**What you have to do:**
Whatever appears in the records, retype it exactly, except for the pictures.

+++ Materials provided

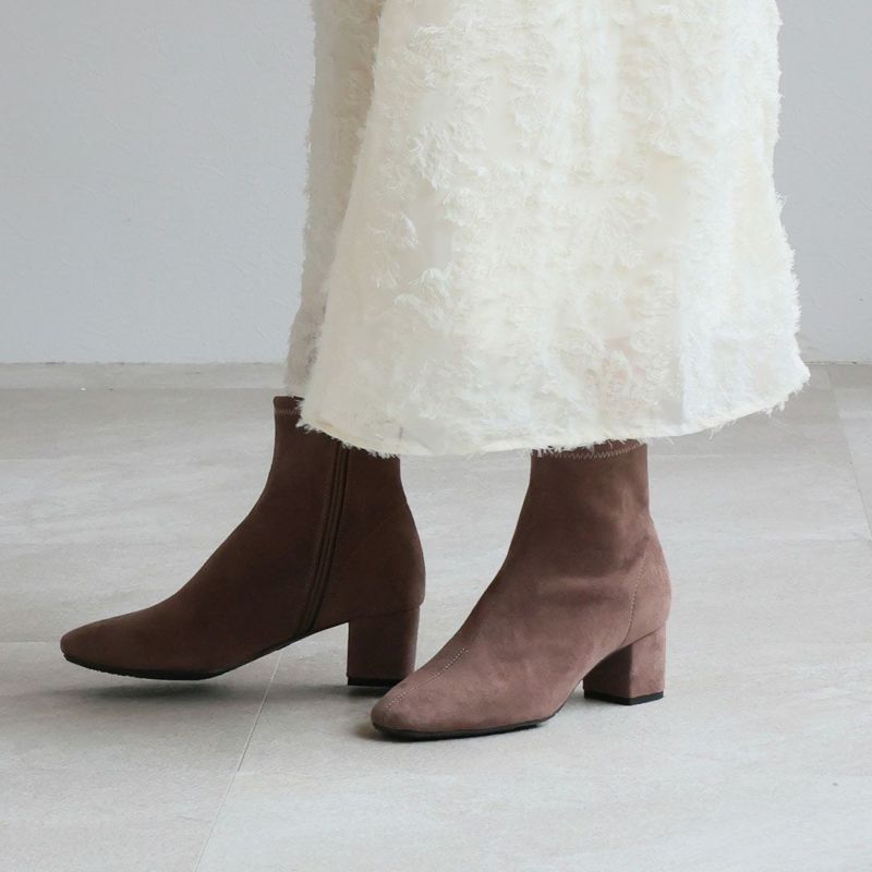 VIVIAN 【2025年新色追加】5cmヒール/スクエアトゥストレッチショートブーツ
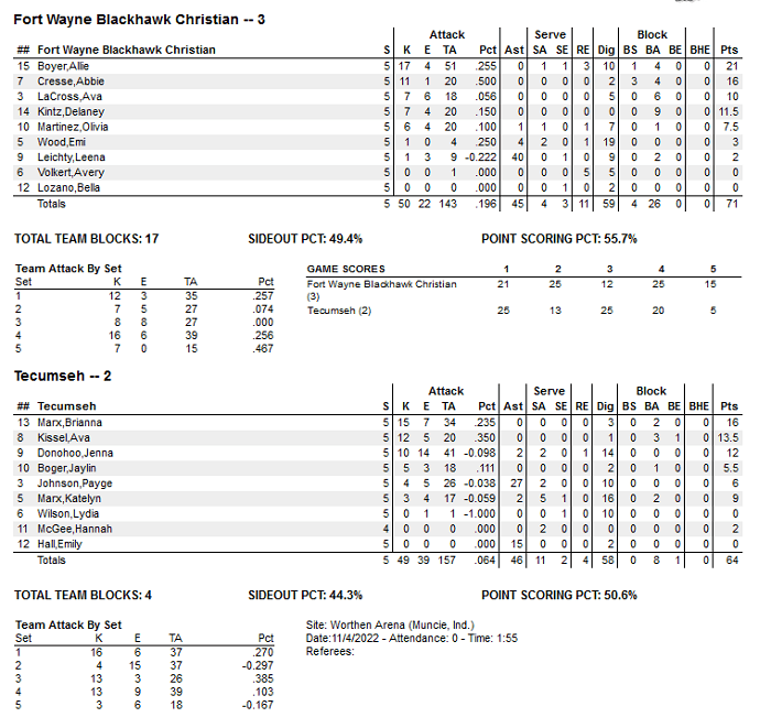 (11-5-22) It took five sets but Blackhawk Christian is the IHSAA 1A State Volleyball Champions knocking off Tecumseh 21-25, 25-13, 12-25, 25-20, 15-5.
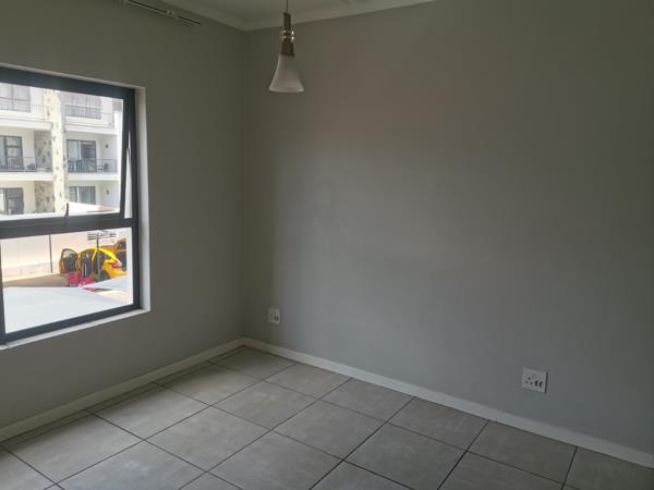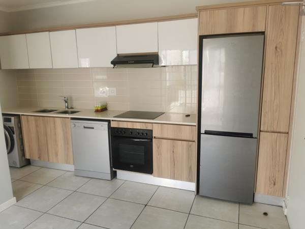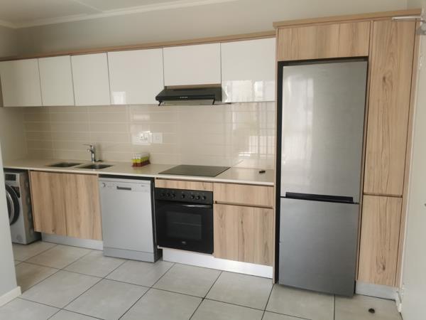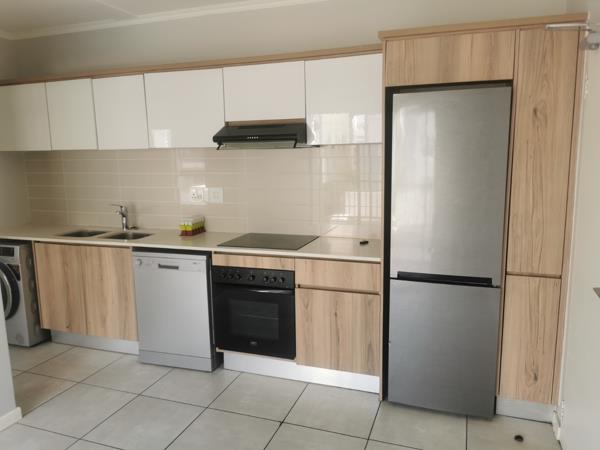 Discover modern living in this stylish 1-bedroom, 2-bathroom apartment, perfectly situated within a desirable estate in Crowthorne AH, Midrand. Spanning 33 square meters, this unfurnished unit offers a well-designed layout featuring a comfortable lounge and a contemporary kitchen. The kitchen boasts sleek two-tone cabinetry in wood grain and glossy white, complemented by integrated appliances including an oven, hob, extractor fan, and dishwasher. A stainless steel fridge and space for a washing machine are also provided. The living spaces and bedroom feature neutral grey walls and durable grey tiled flooring, creating a clean and inviting atmosphere.
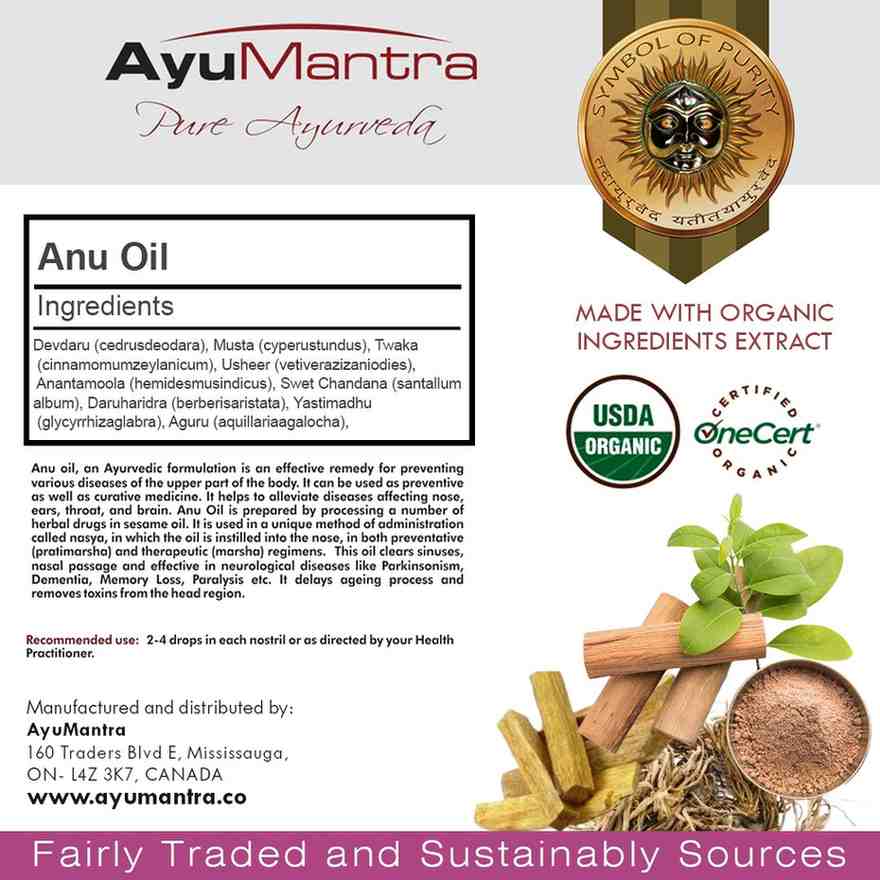 Elimina los problemas que afectan a los órganos de los sentidos, especialmente la nariz, la cabeza y el cerebro. El aceite Anu es una fórmula perfecta para la salud de los órganos de los sentidos y el cabello. Cualquier obstrucción en las vías nasales puede afectar enormemente nuestra tranquilidad y concentración, ya que la nariz tiene una conexión directa con el cerebro. Este aceite se utiliza principalmente para facilitar la respiración. También conocido como aceite Nasya, ayuda a mantener la salud del tejido nasal.
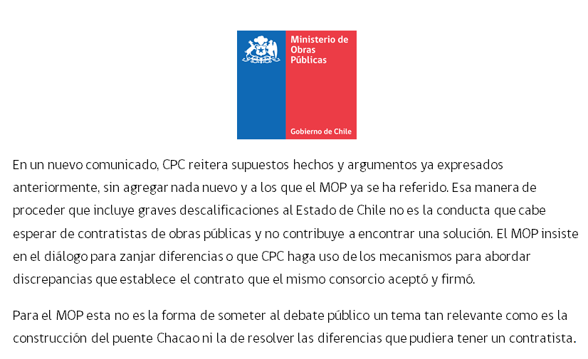 Agregó además que «el MOP insiste en el diálogo para zanjar diferencias o que CPC haga uso de los mecanismos para abordar discrepancias que establece el contrato que el mismo consorcio aceptó y firmó», instó, ya que -apuntó- «esta no es la forma de someter al debate público un tema tan relevante como es la construcción del puente Chacao ni la de resolver las diferencias que pudiera tener un contratista».
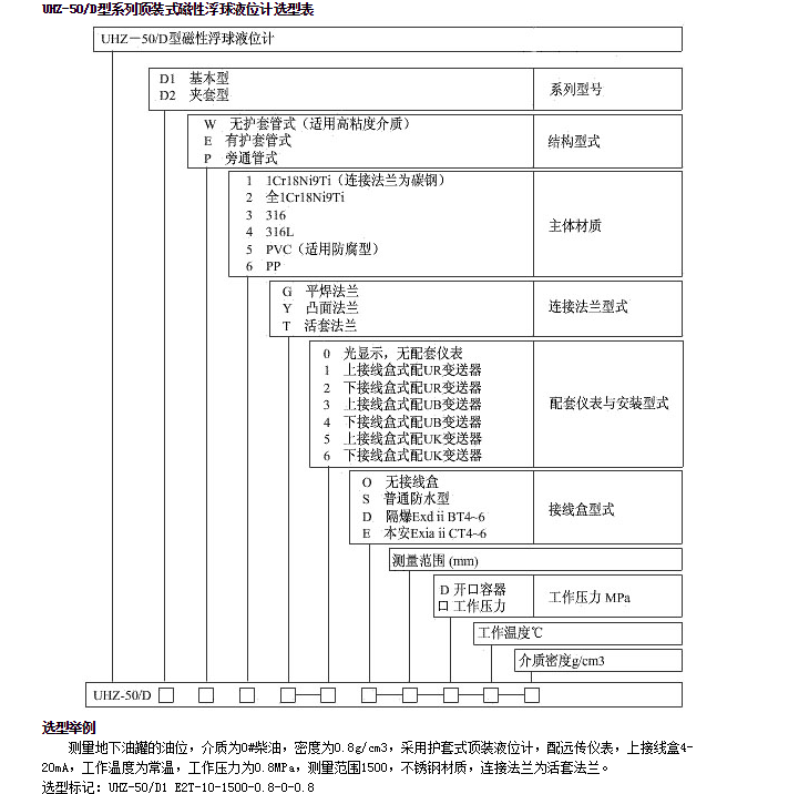 UHZ-50/D1,UHZ-50/D2,UHZ-50/D1-E2T-10-1500-0.8-0-0.8,頂裝式磁性浮球液位計

++++++

**Answer area:**
 VIVIAN 【2025年新色追加】5cmヒール/スクエアトゥストレッチショートブーツ
 (11-5-22) It took five sets but Blackhawk Christian is the IHSAA 1A State Volleyball Champions knocking off Tecumseh 21-25, 25-13, 12-25, 25-20, 15-5.
 Discover modern living in this stylish 1-bedroom, 2-bathroom apartment, perfectly situated within a desirable estate in Crowthorne AH, Midrand. Spanning 33 square meters, this unfurnished unit offers a well-designed layout featuring a comfortable lounge and a contemporary kitchen. The kitchen boasts sleek two-tone cabinetry in wood grain and glossy white, complemented by integrated appliances including an oven, hob, extractor fan, and dishwasher. A stainless steel fridge and space for a washing machine are also provided. The living spaces and bedroom feature neutral grey walls and durable grey tiled flooring, creating a clean and inviting atmosphere.
 Elimina los problemas que afectan a los órganos de los sentidos, especialmente la nariz, la cabeza y el cerebro. El aceite Anu es una fórmula perfecta para la salud de los órganos de los sentidos y el cabello. Cualquier obstrucción en las vías nasales puede afectar enormemente nuestra tranquilidad y concentración, ya que la nariz tiene una conexión directa con el cerebro. Este aceite se utiliza principalmente para facilitar la respiración. También conocido como aceite Nasya, ayuda a mantener la salud del tejido nasal.
 Agregó además que «el MOP insiste en el diálogo para zanjar diferencias o que CPC haga uso de los mecanismos para abordar discrepancias que establece el contrato que el mismo consorcio aceptó y firmó», instó, ya que -apuntó- «esta no es la forma de someter al debate público un tema tan relevante como es la construcción del puente Chacao ni la de resolver las diferencias que pudiera tener un contratista».
 UHZ-50/D1,UHZ-50/D2,UHZ-50/D1-E2T-10-1500-0.8-0-0.8,頂裝式磁性浮球液位計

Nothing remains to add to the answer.